An Afghan girl sheds a tear upon her arrival with other refugees and migrants to the Greek island of Lesbos after crossing the Aegean sea from Turkey on Tuesday: photo by Aris Messinis/AFP, 29 September 2015

This is the only chance we are ever going to have
to be here. Finding traces of liquid water once flowing on the red planet
is a way of forgetting that there's not much time left
for the long awaited benefits of progress
to finally kick in where we are. I'm still a little unclear on that concept says radio
lady who's now quoting Pope, the.  And there went the End
of Days again. A White Moon appeared to Kim above the cabins
but she don't care.
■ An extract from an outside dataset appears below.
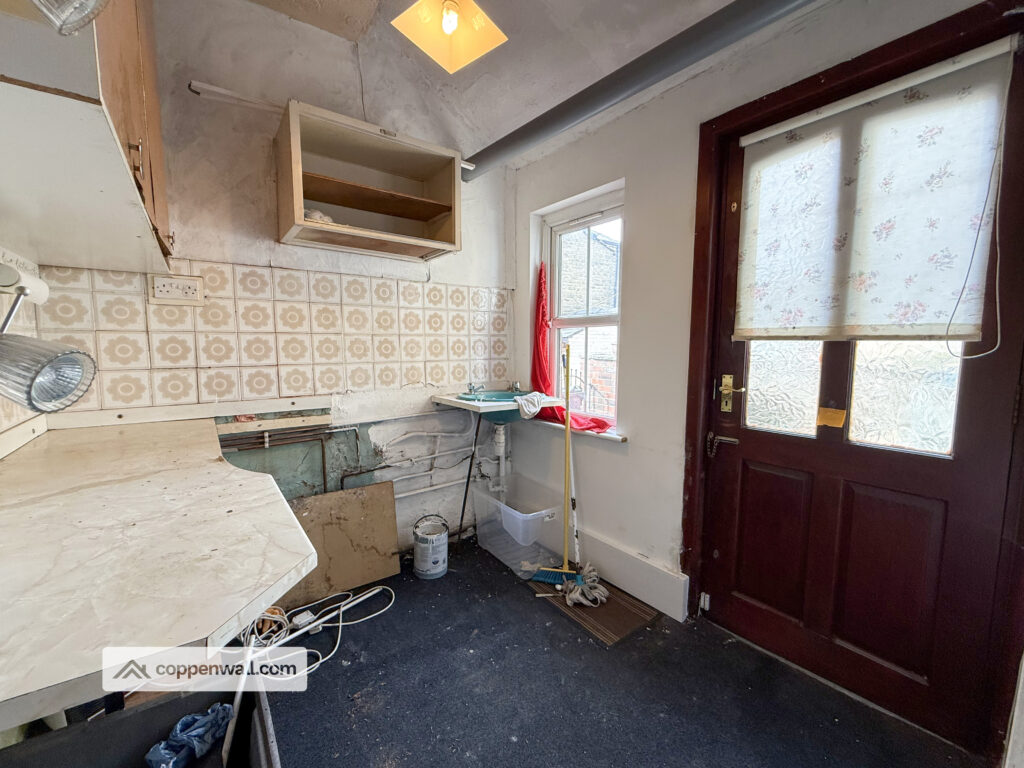 Offering space for appliances, wall-mounted boiler, wooden window, and external door to the side.

Have we moved to an earlier chapter, when in Big Smoky Valley
the nights of the infinitely small figures in the picture
which has fallen over on the mantle during every almost imperceptible tremor
rippling away from the test range, and is held together by some kind of tape,
grow longer now, touched by mists and a light
rain has begun to fall. That gal don't know one thing. One tear
shed here on ancient desiccated Earth in this moment means more to tiny me
than a rocking briny lake last week or a million years ago on Mars.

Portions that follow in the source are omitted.